I also fear for the well-being of our dog and feel she does needs a new home. The “corrections” being made are not corrections in my eyes. I feel it is abuse. It makes me wonder if she will take this out on our kids should we choose to have some. My feelings on this are mixed. Logical thinking is not her strong suite. She is a very emotional person and things don’t always leave her mouth sounding the way she wanted it to. Re-homing her is an option she refuses to consider, but if things do not improve and our marriage suffers as a result of the arguments about the dog, I will find Keely a new home. 



MysticSoul said:


> I'm so sorry to hear about your situation. Both from your perspective and from the dogs. Regardless of other opinions, I think you CAN keep large, active dogs inside (not inside ONLY, mind you). I have three large dogs (two of which are foster dogs) in a very small 900 sq ft house. They range in weights from 40 lbs to 75 lbs. And in activity levels. But they get PLENTY of exercise to meet their needs. They also get training, mental stimulation, and copious amounts of attention.
> 
> If I am reading your post correctly, Keely is aggressive with other animals and humans? And that is why she cannot come to your wife's job? How many hours does your wife work? I work about 8-10 hours a day and make sure I get up early (i.e. 5 am) to take care of all the animals. And we go to bed at a reasonable hour, like 10 pm. So there isn't really a lack of sleep - 7 hours a night.
> 
> ...


I feel large breeds need more space to roam. Keely hardly has any room to be a dog and is confined to the living room for 6 – 8 hours daily. Starting Monday when I go on day shift, she will be left alone for an average of 8 to 10 hours a day. I feel taking one dog to the farm while the other is confined to a living room is unfair.

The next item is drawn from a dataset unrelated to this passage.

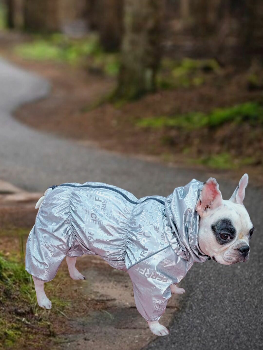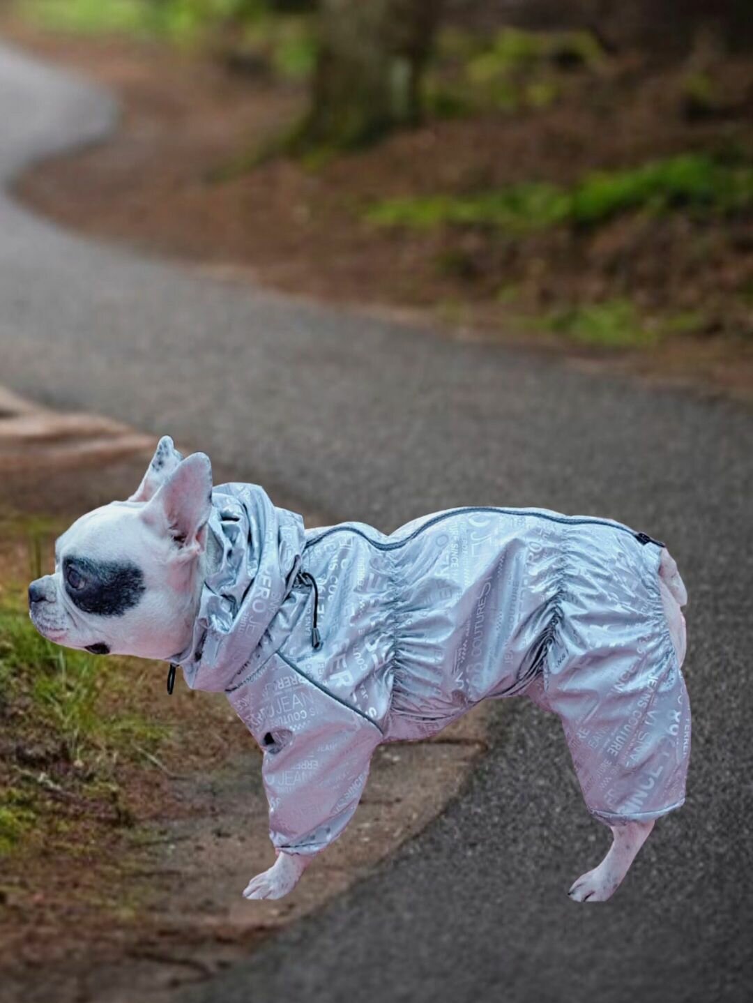 Купить Комбинезон демисезонный 3D с высоким воротом/снуд для собак: французских бульдогов, мопсов, серебро, ФР-2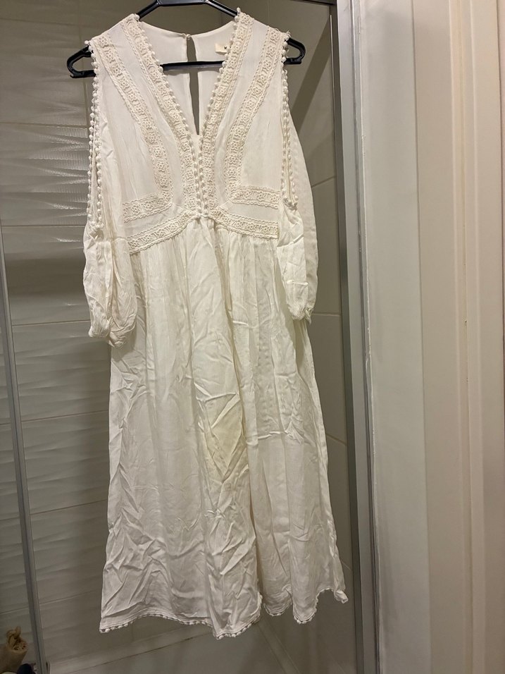 Pamuk kumaştan, dantel detaylı, V yakalı ve bol kesimli uzun beyaz elbise. Bohem ve düğünler için uygun.

I don’t agree with her discipline methods either.

Yes, Keely is sometimes aggressive towards other dogs and humans. I know this is going to sound aweful, but she doesn’t like African Americans, and obese men. I’m assuming this was because she was beat by someone who fits that description as a pup. She barks at everyone. Even kids. She is actually quite friendly once she greets the person, but if she is unable to greet them/get to them, she will bark/growl uncontrollably. She often lunges at people during walks. My wife is new to the job and has a professional image to maintain. Having Keely around her students (some of them are kids), other riders, other dogs of riders, is a liability. I completely agree with her on this aspect. She works an average of 8 to 12 hours a day. In the spring and summer she will work longer days as she attends shows and progresses in her career. I feel this will turn into a problem for Keely once she has longer days. 

I would like to send her to a trainer. That would be wonderful. We do not have the money to do that. Not even once a week. 
As I stated above, I will give her a chance to correct the issue before I resort to my last resort – finding her a new home. 



Adeline said:


> a year and a half is still quite young, many dogs are still growing and maturing at this age. Still a juvenile! She will mature as the years go on. Now I'm sort of confused, why was she able to be around other dogs and horses just fine where your wife lived before, but now she is not able to be? I'm not sure I understand that, unless the dog did a complete 180. Maybe she's not as terrible at her work as she thinks? The dog was able to handle it before.
> 
> As far as needing to leave the dog at the apartment alone, you could pay a neighbor kid to walk the dog everyday. That would be super cheap, I don't even know, like 10 bucks a week? Depends on the age of the kid you pick. I think that would help A LOT. To be alone for hours in an apartment day in and day out and not be able to go to the bathroom must be stressful for such a young dog. You could even do doggie daycare and only do it like twice a week, even that would be a big difference! Two work days a week the dog can run around and play and get tired out. Does the dog have adequate toys to keep it busy? A good, solid nylabone to chew on? A kong? There are also many different type of natural things you can buy that can calm a dogs nerves that you could give to them before you leave them alone in the apartment. There are pheromones (found at Petsmart and the like) different treats and supplements that have chamomile and lavender and tryptophan that can calm nerves and anxiety. This could help both for when they have to be left home alone, and for having the dog around the horses at her work, as it could calm the dog enough to be more well behaved so she could come there everyday and run sufficiently. Just whatever you do, do NOT rehome the dog behind your wife's back. I don't think she'd ever forgive you for that, honestly.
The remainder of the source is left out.